Which brings us back to the present-day (recent past, I guess) storyline, where I am forced to ask, “did Will Self do any research at all about people with schizophrenic or psychotic mental illnesses?” I’m going to go with no, or at least not enough. Not with people with those illnesses rather than doctors, for sure. Mental illness does not suddenly make a person a bigot. This didn’t start as an issue in the book – maybe Dave is just a bigot! – until suddenly he turns into a sweetheart and Team Dad at the psych ward, regretting his past opinions and actions, and the story cracks. I’ll repeat myself: prejudices don’t spring into existence because of psychosis; maybe one could argue that preexisting prejudices are put in a crucible, but either way they have to exist already, and Self couldn’t decide whether he wanted Dave to be genuinely misanthropic or “demented” (shudder, I hate that word), just like he couldn’t decide if Dave was Jewish or not. (In general, the aforementioned sweetheart plot point rang hollow, like an editor told him to cut a chapter of development and he stuck in that scene instead.) Otherwise, the psychosis becomes solely a plot device in order to make Dave have the vile opinions upon which he bases the Book… which isn’t just offensive, it is lazy.
Please don’t get me wrong – I am not reacting to my dislikeof Dave Rudman, but I did settle in to his half of the story and I adjusted myself to being in his cab and his head. To suddenly find out that the worst of all cliches is true – that deep down, he wasn’t The Misanthrope, he’s just Misunderstood! – completely invalidated any sympathy I had built up earlier in the book. I stomached Dave the first few times I met him, just to find a new guy who mostly respects women, who objects to violence against them, who respects the idea of his son as more than an object. Why was I or the author trying so hard to find nuggets of sympathy for a bigoted abuser? Why wasn’t the character’s arc moving towards that new self instead?
The only answer I can really see is that the book thought said new self was buried underneath his illness, which once again comes back to a fundamental misunderstanding of mental illness and of misogyny. A third time, with feeling: the brain is not an episode of the Price is Right, and just medicating a patient cannot suddenly reveal something brand new and amazing behind a curtain (a point actually made already, earlier in the book, by Dave’s previous experience with antidepressants triggering his psychosis). The magical and implausible disappearance of his mental illness is not character development, it’s a cop-out.
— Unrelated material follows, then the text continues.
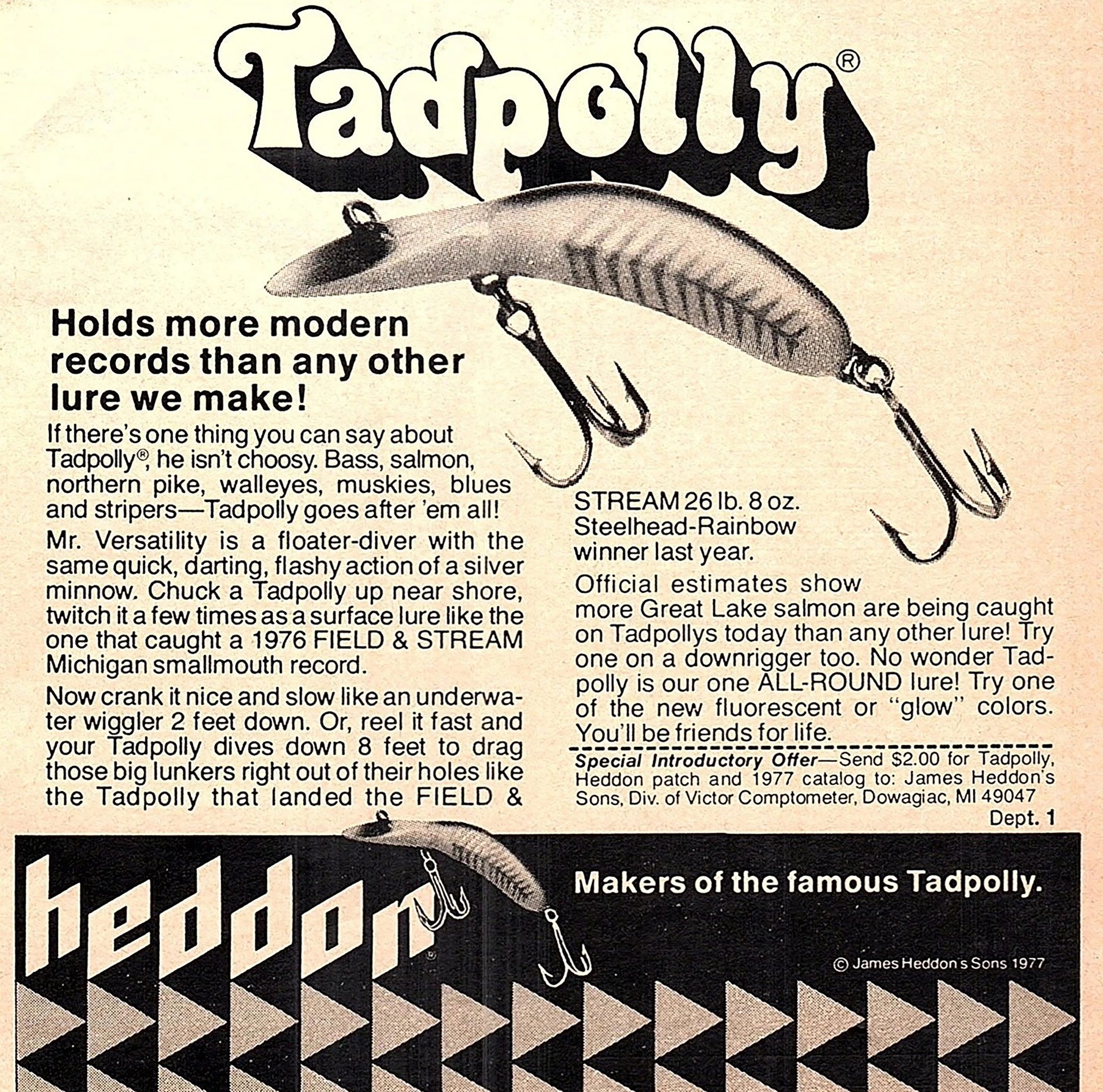 By 1972, a smoother-body mold was back in use, the standard size Tadpolly was now rated as 1/2-ounce class, and all sizes of Tadpolly, along with several other Heddon models, had adopted the brass plate hook hangers that would stay until the end of production. It is believed in some quarters that this change was engineered to pacify anglers who were complaining of losing hard-fighting fish when the screw eye carrying the hook was pulled out of the body of the lure. We don’t know for sure if this is true, but considering the Tadpolly’s popularity with salmon anglers, it seems quite possible.

Okay – I’m really saying the same thing over and over (redundant AND repetitive!). It’s just that because mental illness and misogyny make up so much of the book and its premise, these missteps become serious and worthy of picking apart. The story of Dave has to be solid and convincing in order to make the sections in Ing, necessarily built on pure imagination and invention, plausible. For most of the book, this works; in several key ways, it doesn’t, by stubbornly refusing to afford mental illness in both Dave’s “real world” and the, uh, actual real world, the same serious thought and respect that Self managed to put into an invented world that includes sorta-human-baby-walrus-cow-combos (which, …actually, another time, maybe).
And that, sadly, knocks it down a few points in my book.
(Consider this a 3.5/5, but just by the length of this review I had to err on the side of criticism.)